====== THE RECORDS ======
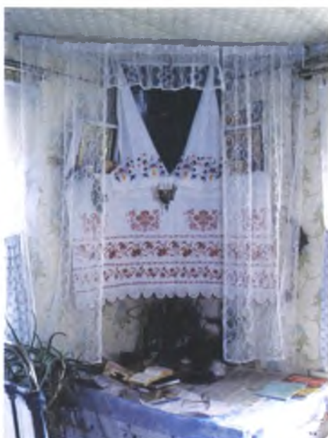
Мал. 1004. Кут з ручніком, накутнікам і фіранкай-“завескай” у хаце Ганны Лаў- рэнавай, 1935 г.н. (в. Будзішча, Чачэрскі раён). 2003 г.
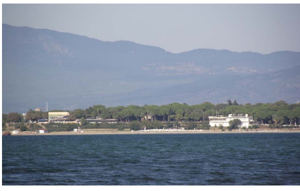
Şekil 9. Ören/Adramytteion Antik Kenti Arkeolojik Sit Alanı'nın denizden görünümü (2. Yazar, 2013).
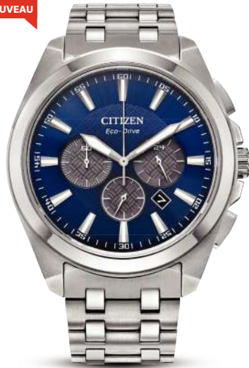
CA4510-55L $625.00 41 mm SS SC SS FCP SP WR100
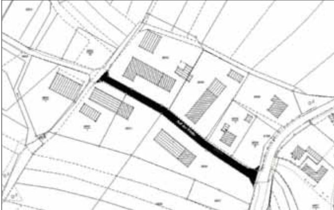
Denkmalstraße: Flurstück Plannummer 980 auf einer Länge von 95 m ab der Einmündung Turnhallstraße

Plannummer 5127/1 auf einer Länge von 165 m bis zur Einmündung des kreuzenden Wirtschaftsweges
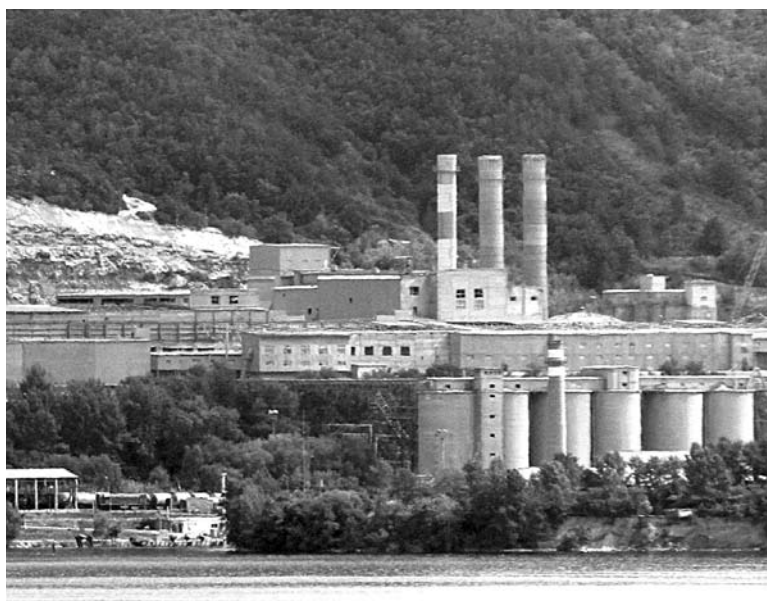
«ЖИГУЛЕВСКИЕ СТРОЙМАТЕРИАЛЫ» признались в нарушении промышленной безопасности, но пытаются не останавливать при этом своей работы

Есть вопросы и по персоналу. Выяснилось, что к работе на опасных производственных объектах допускаются работники, не прошедшие аттестации в сфере промышленной безопасности. Мастера горного цеха, работающие со взрывными материалами, не имеют обязательной «Единой книжки взрывника». Особо отмечается, что «на каждом объекте ведения горных работ не созданы условия, позволяющие работникам объекта и подрядных организаций в случае аварии беспрепятственно покинуть участок, на котором не исключена возможность нанесения вреда их здоровью» и «не созданы условия, позволяющие осуществить своевременную, безопасную для
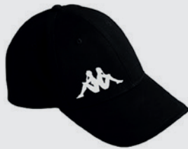
Casquette Kappa VIGOLENO
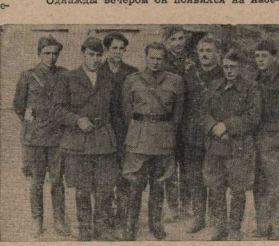
Маршал Иосип Броз-Тито среди членов Верховного штаба Народно-освободительной армии. Слева направо: Иосиф Рибар, Александр Ранкович, генерал-лейтенант Милован Джилас, маршал Тито, Сретен Жуйков (Черил), Андрия Хебранг, Моша Пишче и Эдуард Кардеж (Бел).

Привыкнув вместе со мной в Советский Союз член военной миссии генерал-лейтенант Милован Джилас находится в армии лишь с 1941 года. До этого он прошел большую школу подпольной антифашистской борьбы. Еще в 1933 году за участие в организации против реакционной диктатуры короля Александра Милован Джилас был заключен в тюрьму. Он находился в заключении три года. Благодаря изобретательности и большому активизму, он с еще большей активиз-
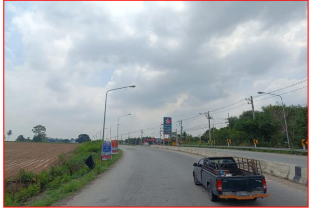
กม.ที่ ๕+๖๐๐ RT
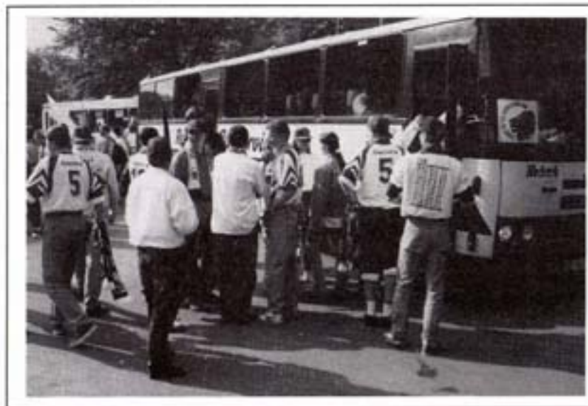
Stemningen er altid i top, når FCK-fans tager på bustur.

Som altid møder man nye medlemmer og "gamle" inkarnerede fans. Jeg kom selvfølgelig lige i sidste øjeblik og pludselig var vi afsted. 2 busser proppet med forventningsfulde FCK fans. Politikekskorte var unødvendig, dertil var hastigheden for høj, medens vi rasede ud af FC København og de lækre kvindelige deltagere klarede den fint som sirener. De altid billige og kolde drikkevarer fordelte sig efterhånden rundt omkring i bussen (og ganerne), selvom det nogen steder kunne se ud som om, at nogen troede, vi skulle længere ud på landet end Herfølge (don't mention Tjek.....)! Pludselig var den helt specielle stemning der igen. Den særlige duft af håb, drømme og stolthed. Min fintfolende fodboldnæse vejede guld og berømmelse. Men først skal vi lige have klaret respekten og sikre 3 absolut nødvendige point.
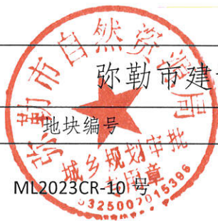
弥勒市建设用地规划条件表
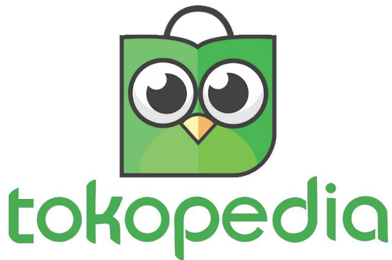
Gambar 2. 1. Logo Tokopedia
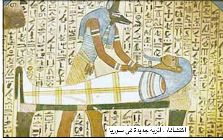
اكتشافات أثرية جديدة في سوريا

دمشق/ مواقع الإلكترونية: شهد عام ٢٠٠٦ اكتشافات أثرية هامة في سوريا قد تعيد حسابات المؤرخين بشأن بعض المسلمات التاريخية المتعلقة بتاريخ التحنيط وطرق العبادة والاستقرار عند الإنسان القديم.
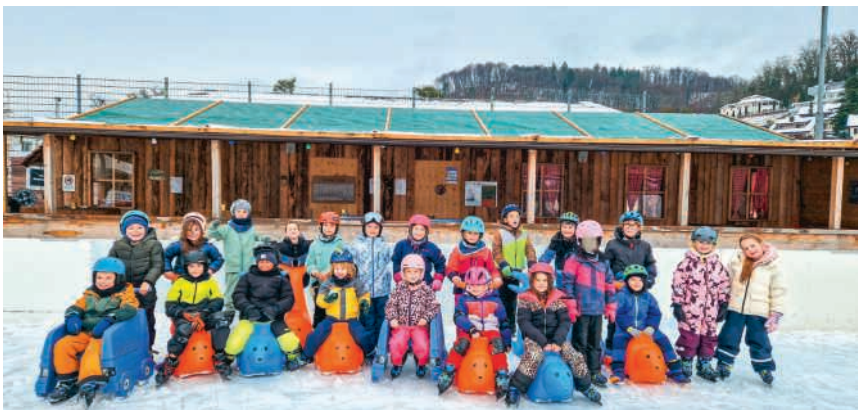
Gemeinsam auf dem Eis
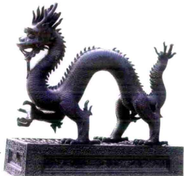
北京故宫储秀宫铜龙

出版 中国林业出版社 (100009 北京西城区刘海胡同 7 号) http://lycb.forestry.gov.cn E-mail: forestbook@163.com 电话: (010)83222880 发行 中国林业出版社 制版 北京捷艺轩彩印制版技术有限公司 印刷 北京中科印刷有限公司 版次 2012 年 1 月第 1 版 印次 2012 年 1 月第 1 次 开本 190mm × 210mm 字数 142 千字 插图约 260 幅 印张 7.5 印数 1 ~ 5000 册 定价 48.00 元
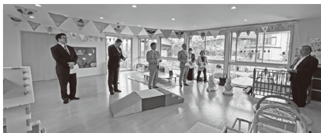
▲子育て支援センター「わかあゆ」

積水ハウス株式会社グループと事業締結し、子育て支援住宅「エミナール那珂川」を整備。隣接して子育て支援センター「わかあゆ」を配置するなど、子育て世代が安全、安心に暮らして行ける施策を調査した。その他にも、那珂川町ファミリー・サポート・センターが実施する登録制の子育て支援施策についても説明を受けた。
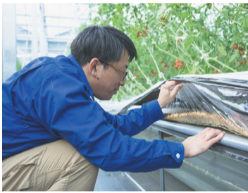
水ストレスで甘みをギュッ
======
• WORK INSTRUCTION:
What is needed is an exact copy of the lines from the one containing "弥勒市建设用地规划条件表" through the last line of the records, with every picture left out.

• RESULT FOR THIS EXERCISE:
弥勒市建设用地规划条件表
Gambar 2. 1. Logo Tokopedia
اكتشافات أثرية جديدة في سوريا

دمشق/ مواقع الإلكترونية: شهد عام ٢٠٠٦ اكتشافات أثرية هامة في سوريا قد تعيد حسابات المؤرخين بشأن بعض المسلمات التاريخية المتعلقة بتاريخ التحنيط وطرق العبادة والاستقرار عند الإنسان القديم.
Gemeinsam auf dem Eis
北京故宫储秀宫铜龙

出版 中国林业出版社 (100009 北京西城区刘海胡同 7 号) http://lycb.forestry.gov.cn E-mail: forestbook@163.com 电话: (010)83222880 发行 中国林业出版社 制版 北京捷艺轩彩印制版技术有限公司 印刷 北京中科印刷有限公司 版次 2012 年 1 月第 1 版 印次 2012 年 1 月第 1 次 开本 190mm × 210mm 字数 142 千字 插图约 260 幅 印张 7.5 印数 1 ~ 5000 册 定价 48.00 元
▲子育て支援センター「わかあゆ」

積水ハウス株式会社グループと事業締結し、子育て支援住宅「エミナール那珂川」を整備。隣接して子育て支援センター「わかあゆ」を配置するなど、子育て世代が安全、安心に暮らして行ける施策を調査した。その他にも、那珂川町ファミリー・サポート・センターが実施する登録制の子育て支援施策についても説明を受けた。
水ストレスで甘みをギュッ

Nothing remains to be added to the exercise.